Хлебнул мой дядя хлопот с этим кумом!

Судьба словно издевалась над теткой Клавдией. Любимый Тосик скоро запил, перестал вовремя приходить домой, просиживая все вечера в буфете до самого его закрытия. Захмелев, он цеплялся к жене, ревновал ее, угрожал, короче, искал предлог для потасовки. Так всем казалось со стороны.

Непьющий дядя Игнат, услышав скандал в доме соседей, несколько раз пытался вмешаться: бежал к ним через улицу и утихомиривал пьяницу. Однажды куму Тосику это надоело, и он взял усмирителя за грудки. Тогда дядя Игнат не удержался и заехал Рэпаному в морду.

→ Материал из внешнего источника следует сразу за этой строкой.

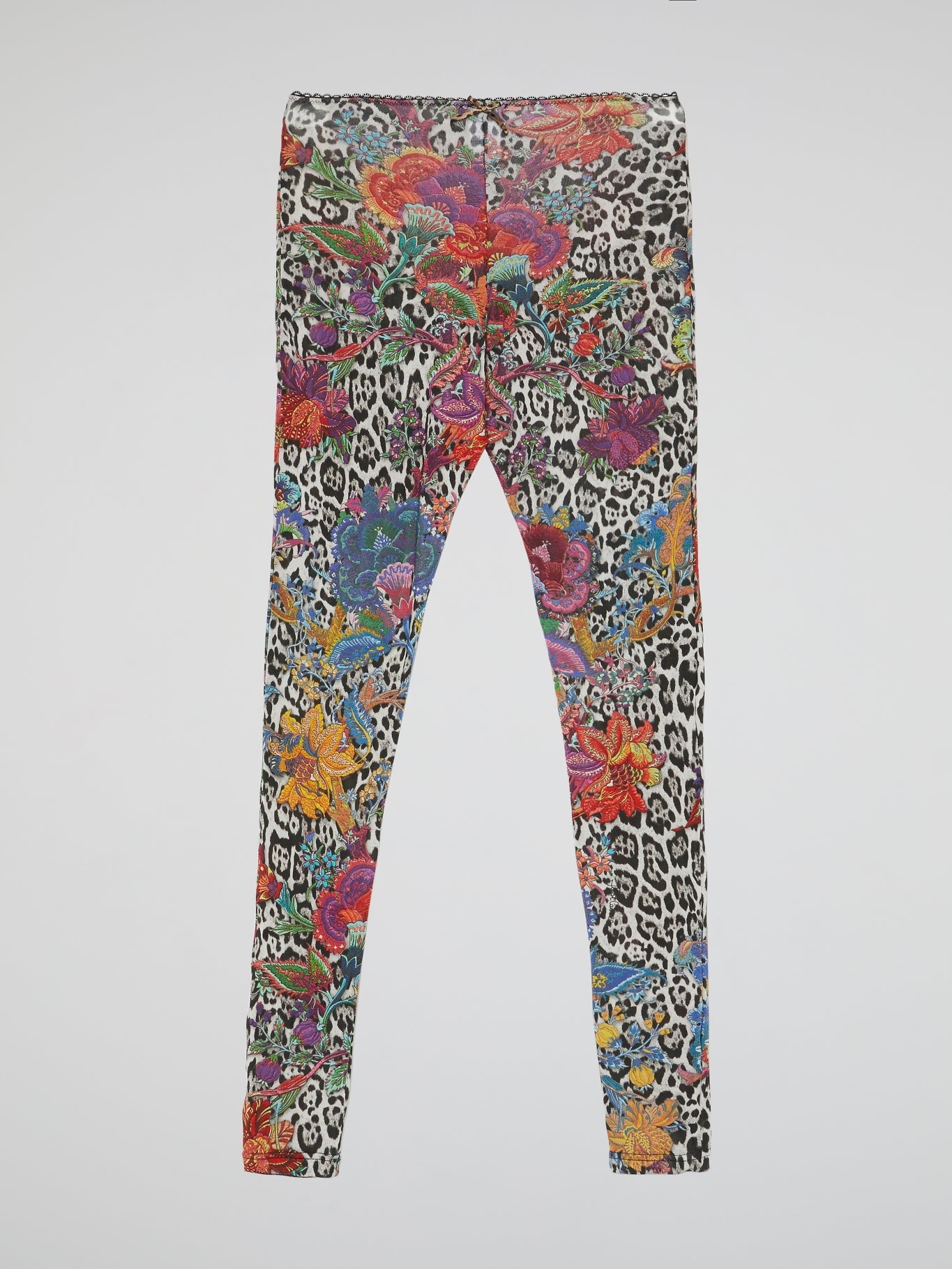Unleash your wild and feminine side with Just Cavalli's Leopard-Floral Print Leggings! These leggings feature a unique combination of classic leopard prints and bright floral patterns, making them the perfect statement piece for any fashion-forward woman. Whether dressed up with heels or worn casually with sneakers, these leggings are sure to turn heads and express your bold style.

— Спасите! Орех убивает моего мужа! — закричала тетка Клавдия, придерживая на свежем синяке, что красовался у нее под глазом, холодный пятак. — Тосик, тебе очень больно? Котеночек мой, — щебетала она возле драчуна.

— Отойди, зараза! Из–за тебя вот… ой, ой… — держался кум Тосик за счесанную челюсть.

— Что ты наделал? — накинулась кума на дядю Игната. — Ах ты бандит!

— Вот теперь я понял, что ты сама виновата, — сказал он. — Ты просто дура. Не удивлюсь, если тебя и Тосик бросит.

— Во–он! Вон из моего дома!

— Тьху! Живи как знаешь, — плюнул на куму мой дядя и пошел домой.

А утром кум и кума шли на работу, влюбленно держась за руки, словно ничего не случилось. Только их побитые физиономии свидетельствовали о ночных приключениях.

— Вот тебе и кума, — сделала мудрый вывод тетя Мария.

Прошло несколько дней. Под вечер дядя Игнат зашел в буфет с Дмитрием Додой. Иногда он угощал Доду за то, что тот давал ему читать книги из своей библиотеки. Выпивохи они были никудышные, но упрямо придерживались мужской традиции.

В углу сидел Тосик Рэпаный в подогретом состоянии, а рядом с ним стоял участковый.

— Тосик, иди домой. Ты уже изрядно выпил, поговорил с приятелями. Чего тебе еще надо? — уговаривал он.

— Я еще не закусил. Вот немного заем и потопаю, — обещал Тосик Рэпаный. И тут он увидел, что в буфет вошли мой дядя и Дода.

— О! — встрепенулся от радости. — Кого я вижу?! — Он повернулся к участковому, успевшему отойти и теперь стоявшему у прилавка, и с удовольствием пообещал ему: — Нет, поем дома.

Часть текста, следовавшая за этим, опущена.